**WHAT THIS TASK INVOLVES**
When the line with "学院副院长葛斌宣读了《关于表" turns up below, begin repeating exactly, and carry on through the line with "وتحسين شكل الملف"; no pictures go into the copy.

**EXCERPTED RECORDS**
-- Opening Marker --
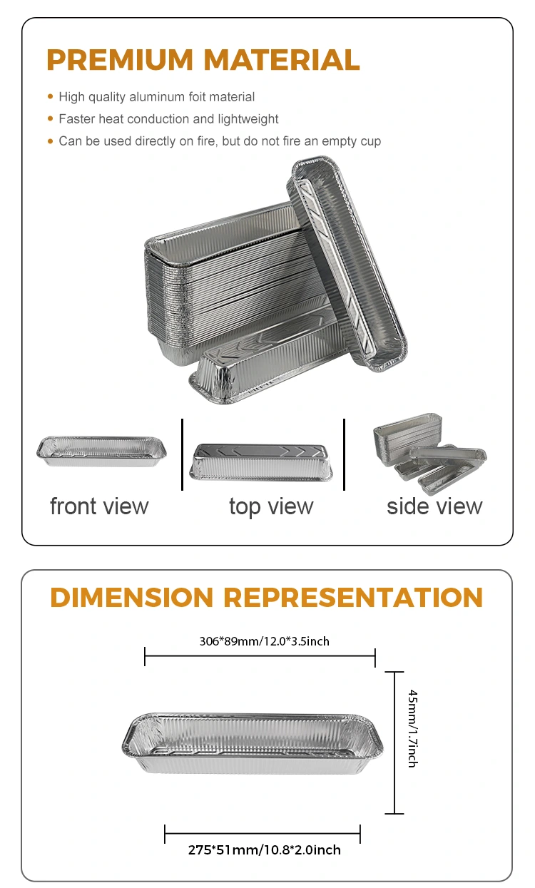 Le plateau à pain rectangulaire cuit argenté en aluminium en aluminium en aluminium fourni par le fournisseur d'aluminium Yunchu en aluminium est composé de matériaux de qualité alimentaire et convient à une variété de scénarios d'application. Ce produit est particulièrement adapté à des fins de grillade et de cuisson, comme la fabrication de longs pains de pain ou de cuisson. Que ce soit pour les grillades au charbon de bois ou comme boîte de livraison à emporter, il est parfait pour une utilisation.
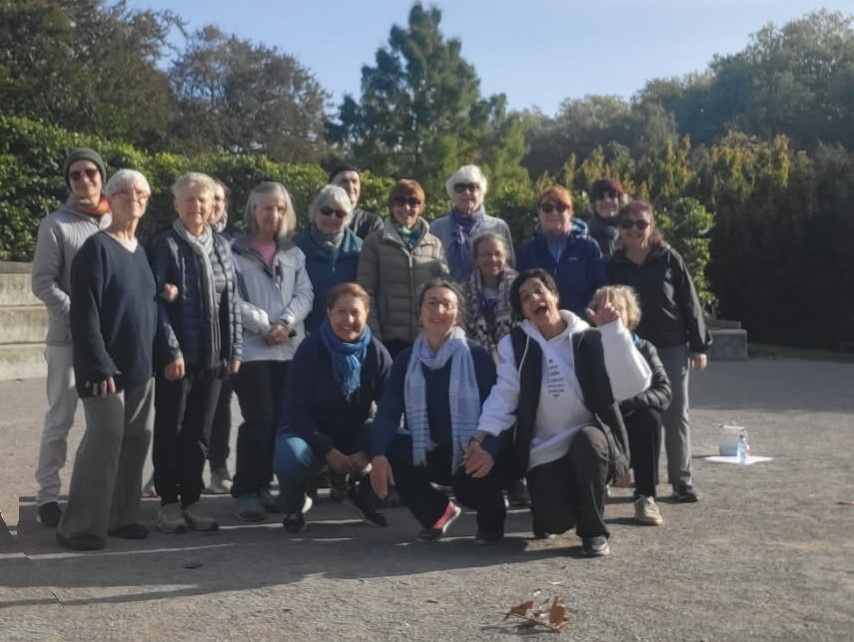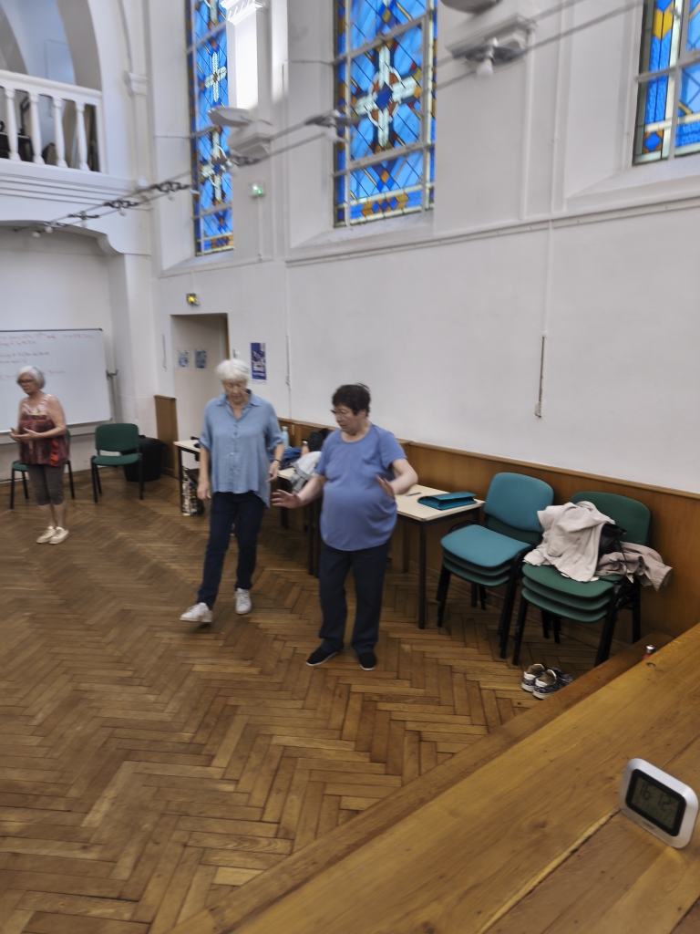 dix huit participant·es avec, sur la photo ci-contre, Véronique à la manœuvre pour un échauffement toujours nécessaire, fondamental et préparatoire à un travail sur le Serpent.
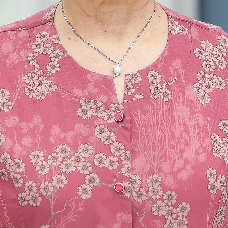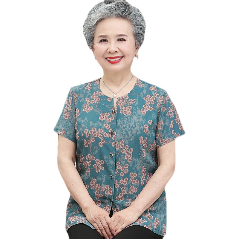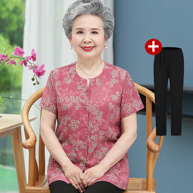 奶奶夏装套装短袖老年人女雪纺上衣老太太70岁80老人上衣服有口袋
-- Closing Marker --
-- Opening Marker --
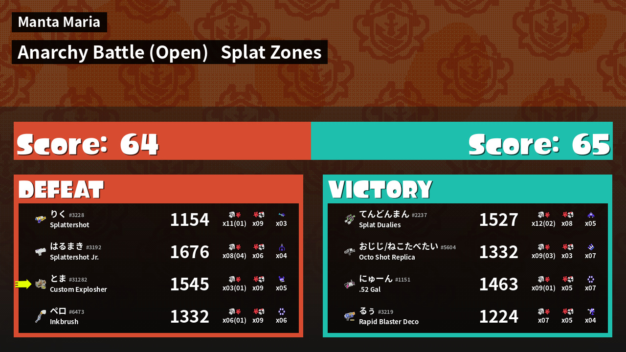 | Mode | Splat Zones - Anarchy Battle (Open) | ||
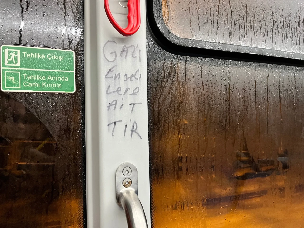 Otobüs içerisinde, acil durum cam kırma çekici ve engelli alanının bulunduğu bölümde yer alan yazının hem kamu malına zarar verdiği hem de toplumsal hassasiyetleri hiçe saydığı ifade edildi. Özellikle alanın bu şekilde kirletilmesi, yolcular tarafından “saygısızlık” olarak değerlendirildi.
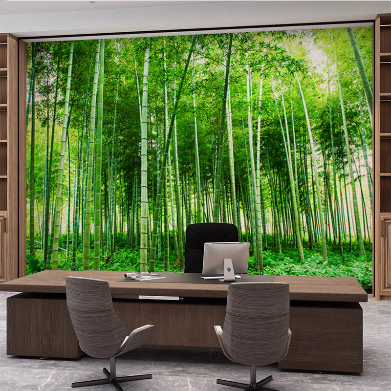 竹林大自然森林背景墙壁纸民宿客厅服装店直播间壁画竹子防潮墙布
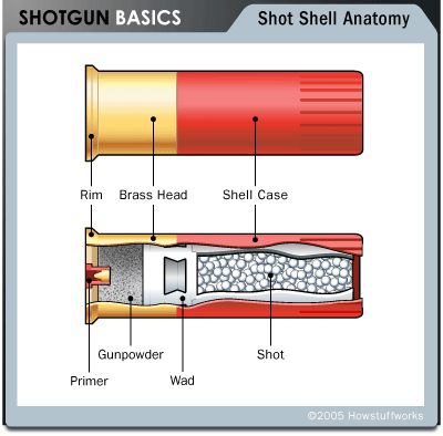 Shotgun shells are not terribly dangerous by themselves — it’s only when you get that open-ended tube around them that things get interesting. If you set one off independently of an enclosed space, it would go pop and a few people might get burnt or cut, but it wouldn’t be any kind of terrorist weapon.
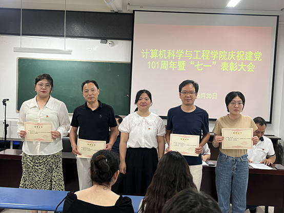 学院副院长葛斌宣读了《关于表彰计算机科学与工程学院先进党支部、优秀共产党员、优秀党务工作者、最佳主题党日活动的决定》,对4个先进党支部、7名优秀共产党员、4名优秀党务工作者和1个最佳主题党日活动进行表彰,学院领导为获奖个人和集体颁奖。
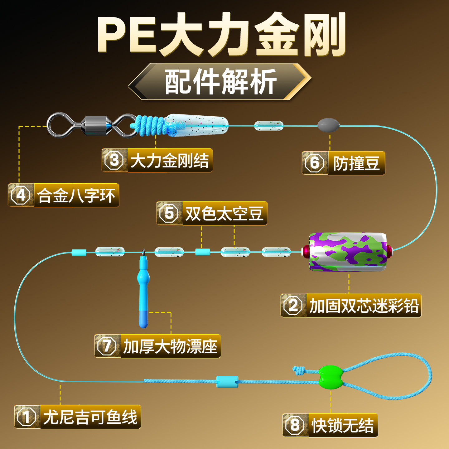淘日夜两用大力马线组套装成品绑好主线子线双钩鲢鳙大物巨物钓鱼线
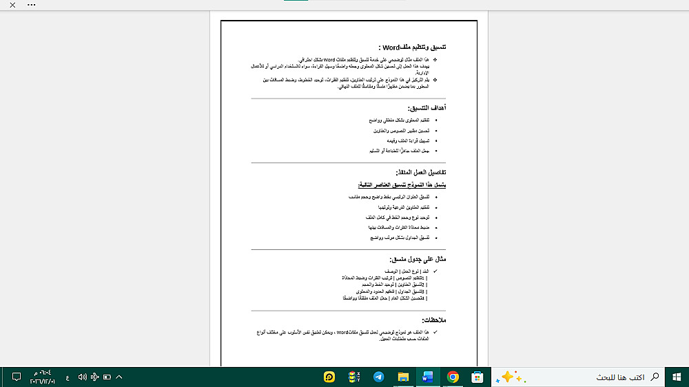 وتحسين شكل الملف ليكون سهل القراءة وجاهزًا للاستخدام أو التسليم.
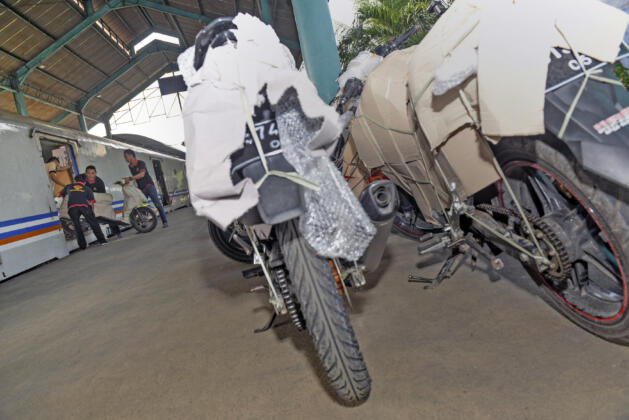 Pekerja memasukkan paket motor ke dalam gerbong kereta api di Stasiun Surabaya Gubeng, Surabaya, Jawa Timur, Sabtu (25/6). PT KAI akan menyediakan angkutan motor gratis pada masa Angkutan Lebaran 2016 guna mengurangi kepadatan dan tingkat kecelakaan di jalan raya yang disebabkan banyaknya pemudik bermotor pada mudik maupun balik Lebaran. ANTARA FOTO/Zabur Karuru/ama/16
-- Closing Marker --
-- Opening Marker --
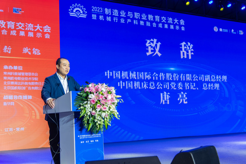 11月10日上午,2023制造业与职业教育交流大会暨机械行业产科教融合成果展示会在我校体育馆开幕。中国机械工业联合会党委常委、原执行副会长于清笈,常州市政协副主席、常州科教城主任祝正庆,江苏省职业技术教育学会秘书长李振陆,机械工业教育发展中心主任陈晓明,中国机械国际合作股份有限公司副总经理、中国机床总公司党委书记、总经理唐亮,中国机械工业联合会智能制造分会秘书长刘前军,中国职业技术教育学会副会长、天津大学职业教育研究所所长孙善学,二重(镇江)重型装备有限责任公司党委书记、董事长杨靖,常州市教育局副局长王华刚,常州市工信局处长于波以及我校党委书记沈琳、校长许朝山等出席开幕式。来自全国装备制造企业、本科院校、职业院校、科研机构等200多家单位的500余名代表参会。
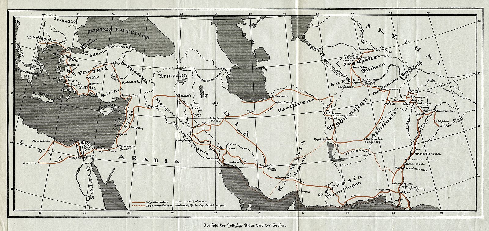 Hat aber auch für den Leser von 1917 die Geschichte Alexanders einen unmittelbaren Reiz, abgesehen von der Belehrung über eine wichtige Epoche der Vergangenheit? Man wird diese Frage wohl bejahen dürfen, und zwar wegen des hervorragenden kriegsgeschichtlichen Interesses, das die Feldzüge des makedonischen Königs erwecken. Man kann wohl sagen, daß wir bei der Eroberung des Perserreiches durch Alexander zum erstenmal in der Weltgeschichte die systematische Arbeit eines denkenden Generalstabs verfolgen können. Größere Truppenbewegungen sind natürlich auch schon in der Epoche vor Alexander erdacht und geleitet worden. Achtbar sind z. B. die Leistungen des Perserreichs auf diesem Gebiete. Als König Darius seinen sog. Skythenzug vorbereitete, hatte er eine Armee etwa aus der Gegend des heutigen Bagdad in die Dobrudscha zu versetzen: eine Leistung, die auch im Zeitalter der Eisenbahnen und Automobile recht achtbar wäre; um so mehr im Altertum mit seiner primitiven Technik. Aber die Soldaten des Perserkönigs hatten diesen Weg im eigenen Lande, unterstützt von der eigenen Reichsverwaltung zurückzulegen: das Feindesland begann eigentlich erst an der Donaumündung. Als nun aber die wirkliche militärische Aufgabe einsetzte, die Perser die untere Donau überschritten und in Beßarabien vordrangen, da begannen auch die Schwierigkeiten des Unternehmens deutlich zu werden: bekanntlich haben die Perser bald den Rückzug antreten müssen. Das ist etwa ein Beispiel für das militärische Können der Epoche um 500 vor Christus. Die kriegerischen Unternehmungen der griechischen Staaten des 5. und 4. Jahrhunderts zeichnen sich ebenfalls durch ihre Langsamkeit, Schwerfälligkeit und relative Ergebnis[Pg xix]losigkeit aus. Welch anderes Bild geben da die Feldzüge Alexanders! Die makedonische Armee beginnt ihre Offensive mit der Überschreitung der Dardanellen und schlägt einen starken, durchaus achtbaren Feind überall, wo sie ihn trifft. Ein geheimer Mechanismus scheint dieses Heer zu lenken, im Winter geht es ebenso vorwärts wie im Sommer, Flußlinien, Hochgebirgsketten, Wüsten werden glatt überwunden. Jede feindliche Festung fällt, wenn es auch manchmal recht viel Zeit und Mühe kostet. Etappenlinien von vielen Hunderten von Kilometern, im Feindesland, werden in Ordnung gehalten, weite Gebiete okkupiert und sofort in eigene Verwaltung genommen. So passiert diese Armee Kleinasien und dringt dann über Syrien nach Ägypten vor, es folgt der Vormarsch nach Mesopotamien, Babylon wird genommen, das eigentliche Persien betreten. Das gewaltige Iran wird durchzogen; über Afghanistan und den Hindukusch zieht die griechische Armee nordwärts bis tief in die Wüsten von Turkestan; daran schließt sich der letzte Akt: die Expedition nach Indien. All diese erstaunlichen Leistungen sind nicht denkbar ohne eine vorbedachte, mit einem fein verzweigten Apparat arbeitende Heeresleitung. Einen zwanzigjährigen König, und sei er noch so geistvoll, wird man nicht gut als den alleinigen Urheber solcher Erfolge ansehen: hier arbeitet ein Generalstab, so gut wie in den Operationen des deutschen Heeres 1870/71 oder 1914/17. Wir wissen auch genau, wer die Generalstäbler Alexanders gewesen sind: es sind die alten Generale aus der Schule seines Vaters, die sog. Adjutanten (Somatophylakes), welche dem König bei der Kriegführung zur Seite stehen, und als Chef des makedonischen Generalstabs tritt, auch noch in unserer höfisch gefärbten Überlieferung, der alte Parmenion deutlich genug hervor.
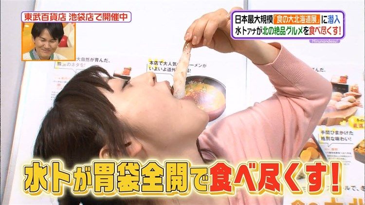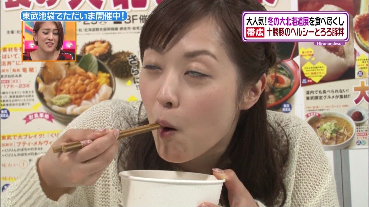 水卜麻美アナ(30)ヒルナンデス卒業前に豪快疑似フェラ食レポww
-- Closing Marker --
**EXERCISE OUTPUT**
 学院副院长葛斌宣读了《关于表彰计算机科学与工程学院先进党支部、优秀共产党员、优秀党务工作者、最佳主题党日活动的决定》,对4个先进党支部、7名优秀共产党员、4名优秀党务工作者和1个最佳主题党日活动进行表彰,学院领导为获奖个人和集体颁奖。
淘日夜两用大力马线组套装成品绑好主线子线双钩鲢鳙大物巨物钓鱼线
 وتحسين شكل الملف ليكون سهل القراءة وجاهزًا للاستخدام أو التسليم.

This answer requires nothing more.